Public toilets no longer filthy dens but gleaming havens

The entrance to the public toilet along Aga Khan Walk that is regulated by the Nairobi City Council, and inset, the executive suite of the public toilets outside the Railways Train Station. Photos/HEZRON NJOROGE

What in the past were filthy dens for urchins and thugs have undergone a major transformation and are providing a vital service to thousands of Kenyans.

Public toilets, an initiative that both the Nairobi City Council (NCC) and the Nairobi Central Business District Association (NCBDA) embarked on eight years ago, have transformed public sanitation within central Nairobi.

A decade ago, John Mwaniki, 50, would not walk into a public toilet no matter how much he needed to. The stench and sight of gangs of glue-sniffing urchins at the entrance was enough to scare him away.

What you need

But last week Sunday Nation met Mr Mwaniki washing his hands at the Haile Selassie Avenue Toilet No. 8.

“Let’s not even talk about the toilets of the 90s; they were horrible,” he said. “But these days you are provided with what you need, and the toilets are very, very clean.”

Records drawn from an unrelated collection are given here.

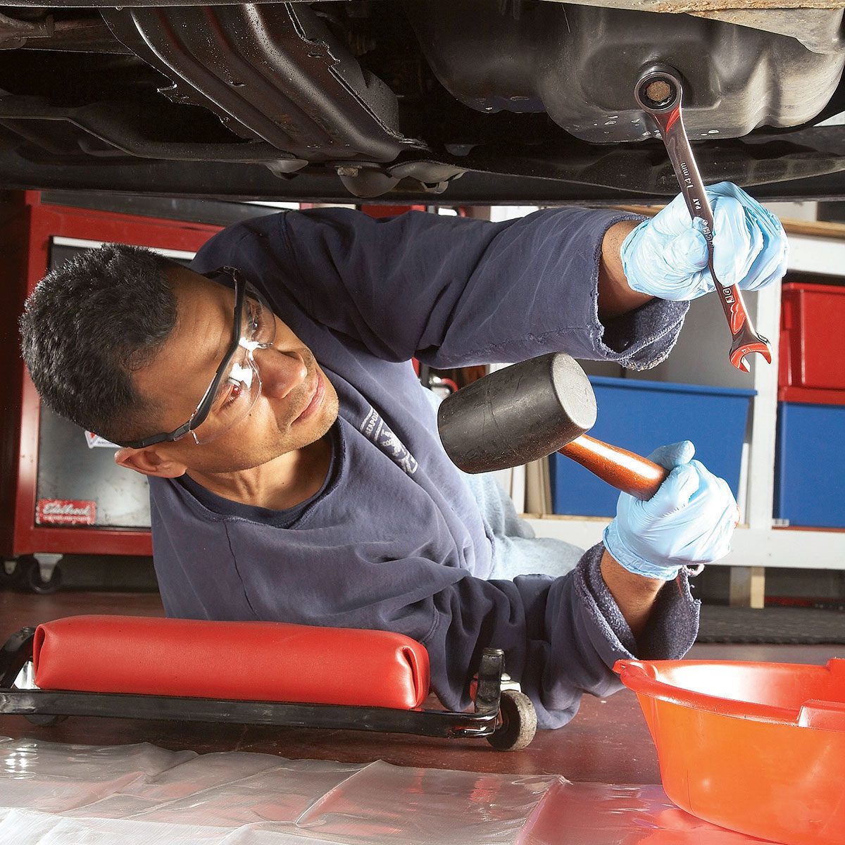 If you can access the drain plug without lifting the car, a slide can help you maneuver underneath, says Nate Ryan of RepairWise. Also, “There are oil extractors that can suck the oil out from the top of the engine, minimizing the need to lift it and drain it from the bottom of the engine,” he says. These can be purchased from Amazon or Vevor for $50 to $150.
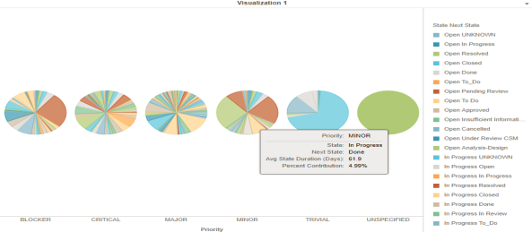 Julie is a Team Leader who is managing multiple teams working on multiple projects. As a Team Leader, she wants to analyze the time taken by major or critical priority work items to move from ‘In Progress’ state to ‘Resolved’, 'Closed', or 'Done' states. She wants to understand the time lapse between the previous and next states because it is critical for high priority work items to be resolved at the earliest. Analyzing the state changes can help her to:
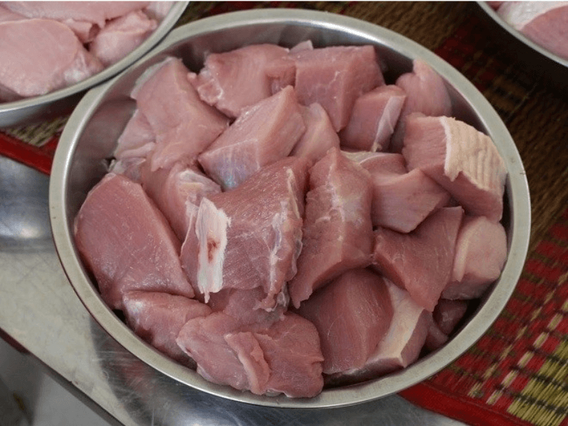 Sơ chế và chia thịt thành miếng nhỏ
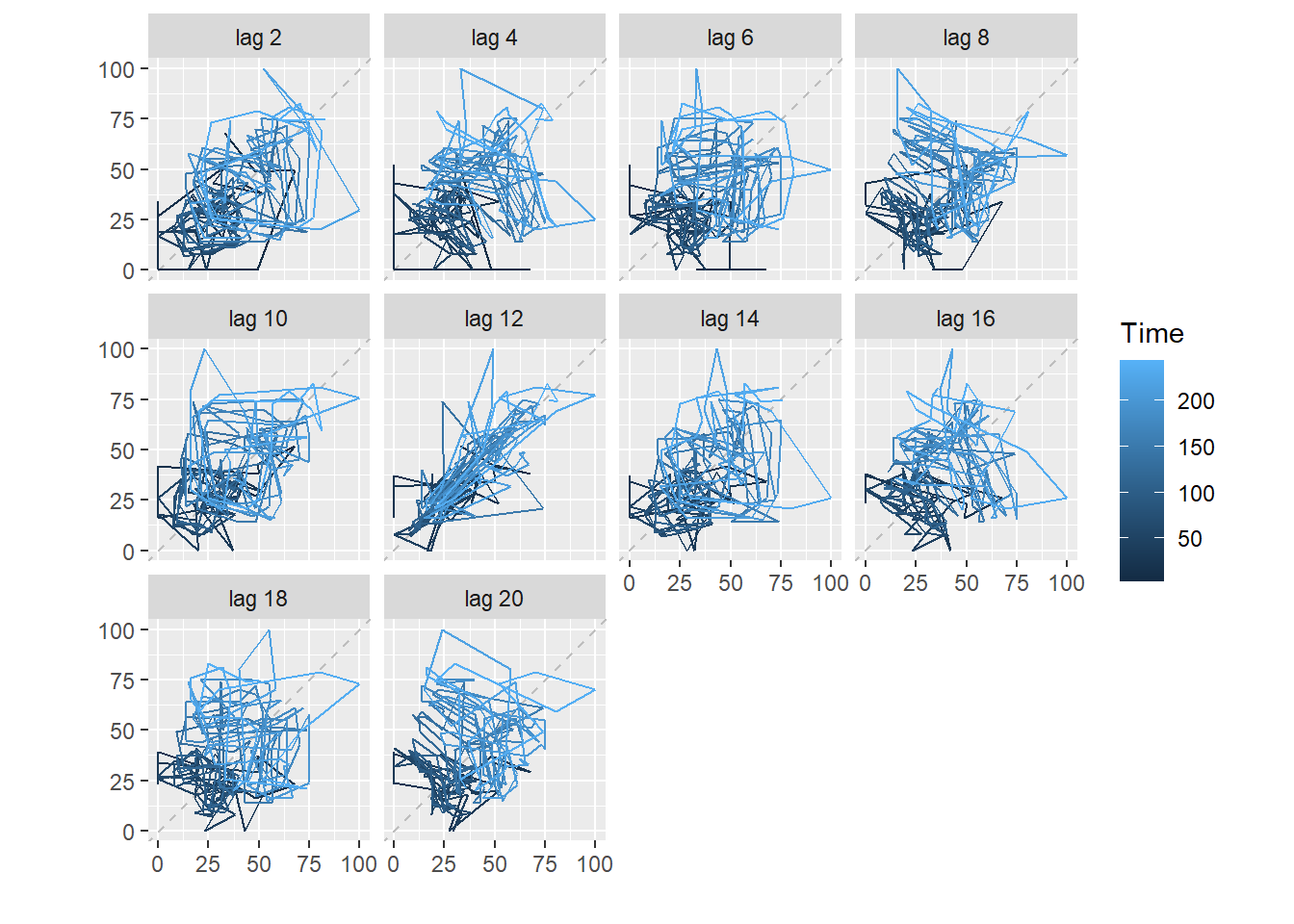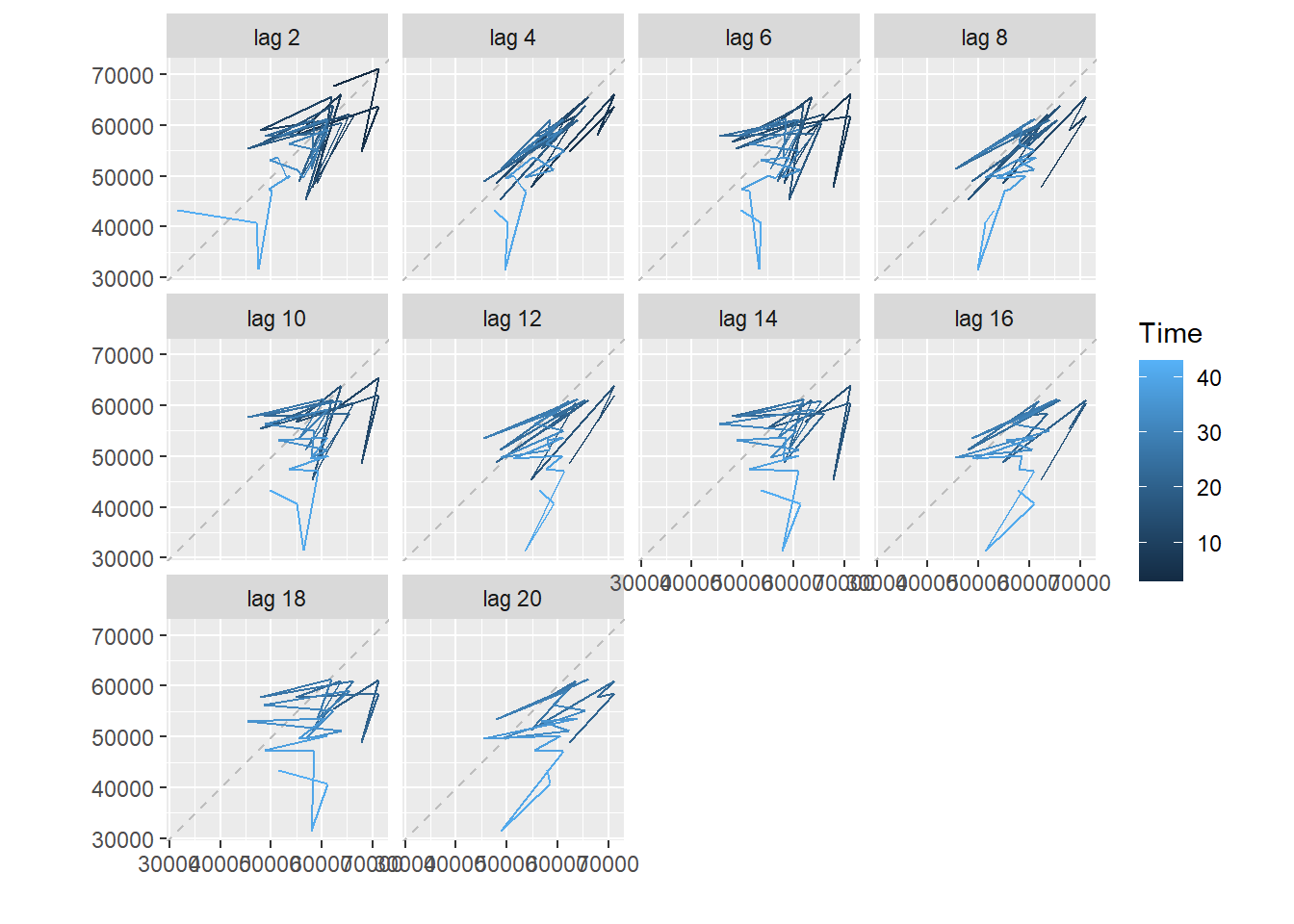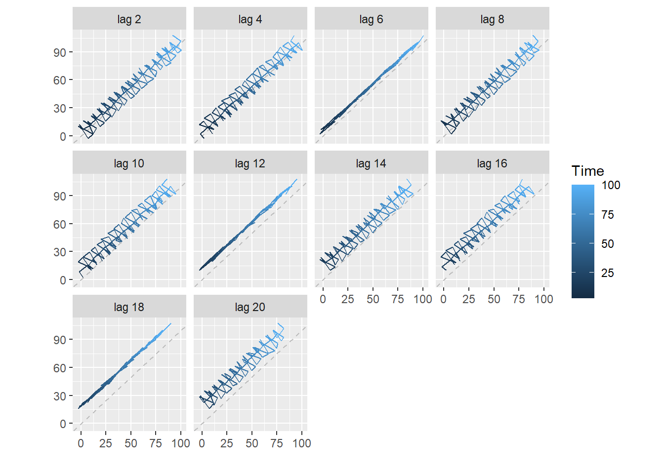 gglagplot(y, continuous = TRUE, set.lags = 2*(1:10))
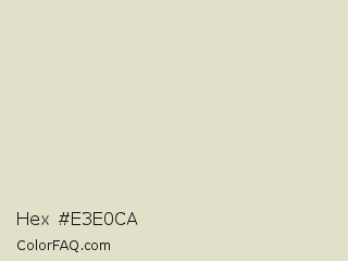 Hex #e3e0ca Color is a very light yellow color and the nearest color is Bone #e3dac9. Hex code #e3e0ca and RGB value is rgb(227,224,202). In RGB color space, this color is composed of 89% red, 88% green, 79% blue, In CMYK color space, this color is composed of 0% cyan, 1% magenta, 11% yellow , 11% black , In HSL color space, this color has a hue angle of 53° , 31% saturation and 84% lightness.
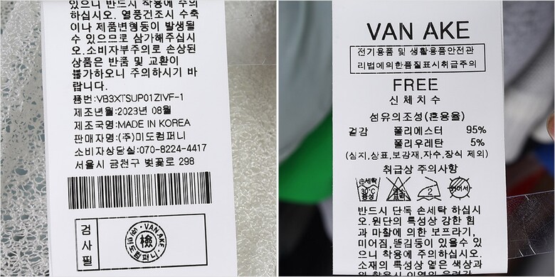 1. 제품 소재 (섬유의 조성 또는 혼용률을 백분율로 표시, 기능성인 경우 성적서 또는 허가서) 겉감-폴리에스터95% 폴리우레탄5%
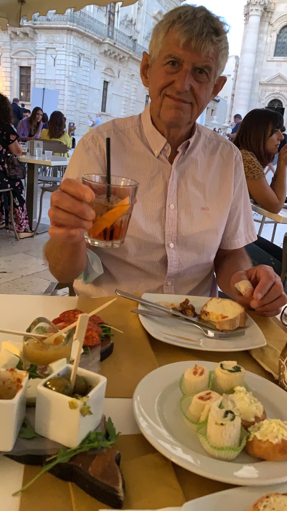 Na een uurtje trekt de wind toch wel aan, dus we gaan weer anker op. We lunchen wel zeilend. Om de kaap van Siracusa heen en de baai in, langs ons bekende terrasje in Ortigia waar iedereen komt om de zonsondergang te zien. We leggen aan bij Marina Yachting om 15:30 en lezen lekker lui in de warme middagzon in de kuip. We lopen op tijd de oude stad in maar de zonsondergang op het terras wordt niks. Te vol, geen tafels vrij. We lopen dus verder en belanden op het grote plein van de dom op een prima terras, waar we een wijntje (Marleen) en een Negroni sbagliato (Frans) drinken, dat laatste is een cocktail van campari, rode vermouth en prosecco, een soort turbo spritz dus. Erg lekker. Van Ilja Pfeiffer geleerd uit zijn boek Grand Hotel Europa. Met de hapjes erbij en de omgeving zeker een 9 waard.

Mr Mwaniki, who works in the CBD, usually visits the public toilet twice a day, parting with Sh5 per visit.

Outside the same toilets sat Jeremiah Ouma Obunga, 48, basking in the sun after taking a cold shower for which he paid Sh20.

“The shower cubicles are clean. I take a shower every day,” he said. “If I come with my soap, it is cheaper, but if I don’t have it, I am charged an extra Sh10.”

And at Accra Road in Nairobi at 2 p.m., the queue outside the door to the public toilets looks like one you would expect to find at an ATM machine at the end of the month.

Maurice Kirimi, 29, one of those on the queue leading to the gents, is armed with tissue paper awaiting his turn.

Speaking to the Sunday Nation, Mr Kirimi said that whenever he gets to the toilet he finds a queue, but he is not complaining. “The toilet is a godsend. It prevents people from urinating along the corridors and making the streets stink.”

The most conspicuous sign in the toilets is “Tafadhali mwaga maji (Please clean the basin)”. A tank of water and collecting jug are situated within the toilets for users to follow these instructions.

Some CBD public toilets have shower stalls, a drier and a cubicle for the disabled. Entrance is free for children and the disabled. While many Nairobi residents recall the dirty, graffiti-stained toilet walls of the 1990s, today’s facilities are lined with spotless tiles.

Regular stall

To use most public toilets in Nairobi, one parts with Sh5; to use a shower costs between Sh10 for a regular stall and Sh50 for the executive suite at the Railways Train Station that is a room with both a toilet and shower stall.

Samuel Karanja, 29, the operator of the Accra Road public toilet, says during the high season (cold and rainy season) the toilet gets about 3,000 people each day, with the numbers dropping to 2,000 users during the low season.

This is the sixth year that Mr Karanja, the director of Kiruri Hygienic Service Providers, has managed the toilet together with four of his employees – three cleaners and a cashier by the door.

Tissue paper

Visitors to the public toilet, he said, consume 80 rolls of tissue paper a day.

In 2001, the NCC, in partnership with the NCBDA, initiated a programme to rehabilitate the 18 dilapidated public toilets in the town centre and approached local businesses for support. Then they tendered for bids from operators who could efficiently manage the toilets.

Under a management contract, an operator is hired by the NCC and assigned a toilet to manage. The NCC as regulators and owner of the land charges the operator Sh10,000 per month, while the NCBDA, which monitors the facility to ensure standards are maintained, charges an additional Sh3,000 a month.

The NCBDA conducts undercover inspections every fortnight. “We had to come up with a monitoring and evaluation process to ensure that these public toilets meet our standards and the public is provided with the required services,” said Timothy Muriuki, the NCBDA chairman.

The number of CBD toilets has risen to 28.